Tip: You can copy the code and run it in your preferred Python development environment - for example Visual Studio Code. You will need to create environment variables for your Azure Language endpoint and key; which you can find in the code sample window.

Summary

In this exercise, you explored how to use a generative AI model and the Azure Language tool in Foundry to analyze text. In many scenarios, the native language capabilities of a generative AI model provide all the natural language processing functionality you need. For more specialized scenarios, the Azure Language tool provides a dedicated service for NLP tasks.

Ask Anton
Anton avatar.
If you have questions about some of the topics covered in this exercise, Ask Anton is a generative AI-based agent that you can ask about AI concepts and Microsoft Foundry. Open the app at https://aka.ms/azk-anton and use the Configure button to enter your Foundry project and model details.

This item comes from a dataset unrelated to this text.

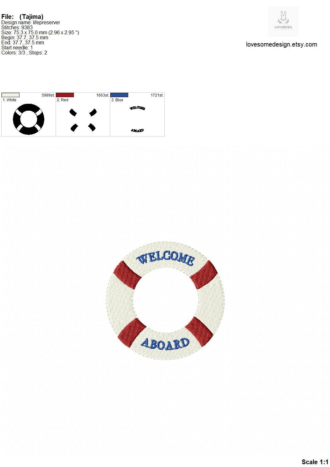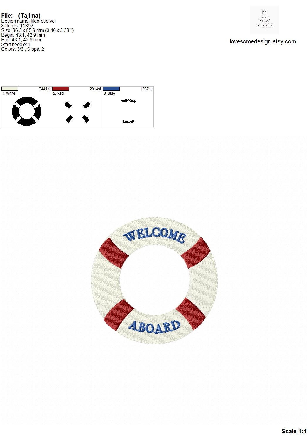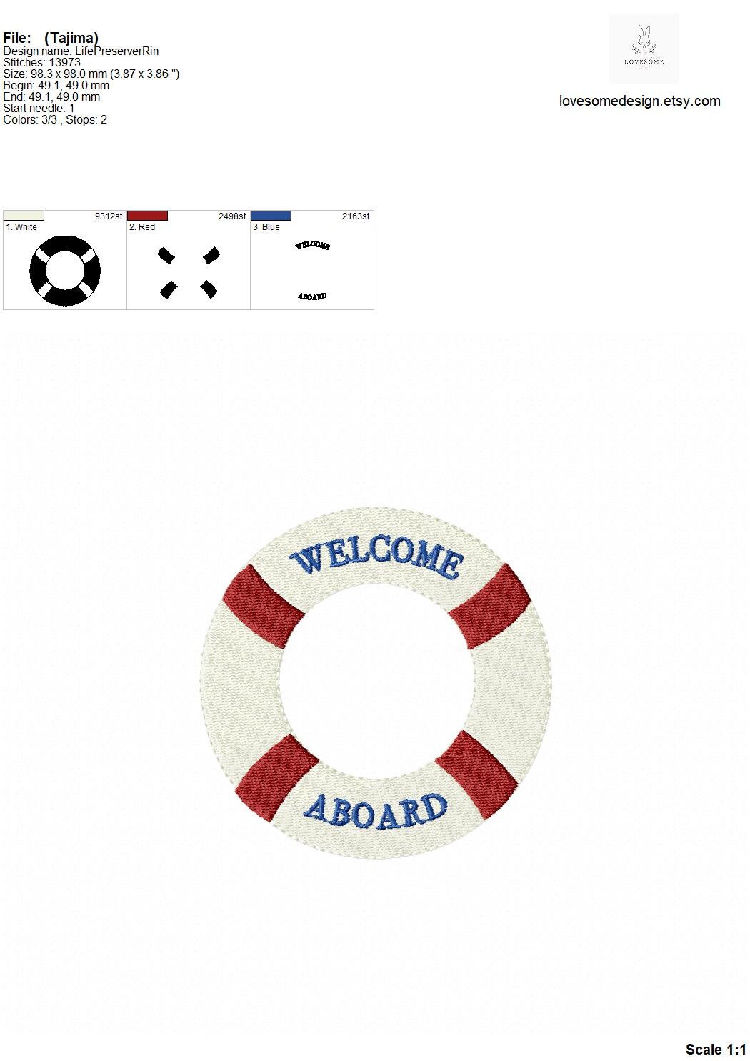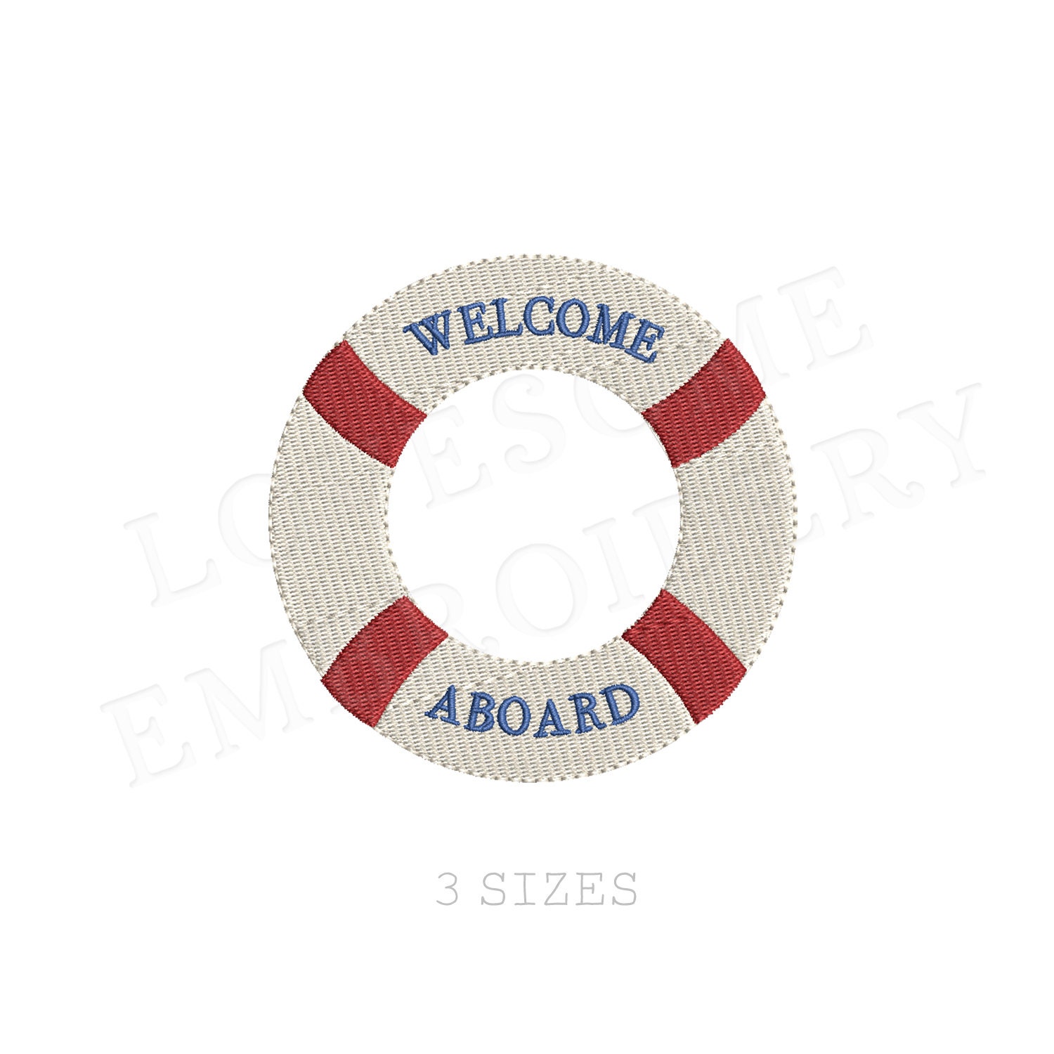 This listing includes one life buoy with a lettering "Welcome Aboard" design for machine embroidery in three sizes, 4inch, 3.5inch and 3inch for embroidery hoops 4x4 and bigger.

Ask Anton is not a supported Microsoft product or a component of Microsoft Learn or AI Skills Navigator. Just an example of an AI agent for you to explore as you learn about what’s possible with AI.

If you do check out Ask Anton, we’d love you to tell us about your experience!

Clean up

If you have finished exploring Microsoft Foundry, delete any resources that you no longer need. This avoids accruing any unnecessary costs.

  1. Open the Azure portal at https://portal.azure.com and select the resource group that contains the resources you created.
  2. Select Delete resource group and then enter the resource group name to confirm. The resource group is then deleted.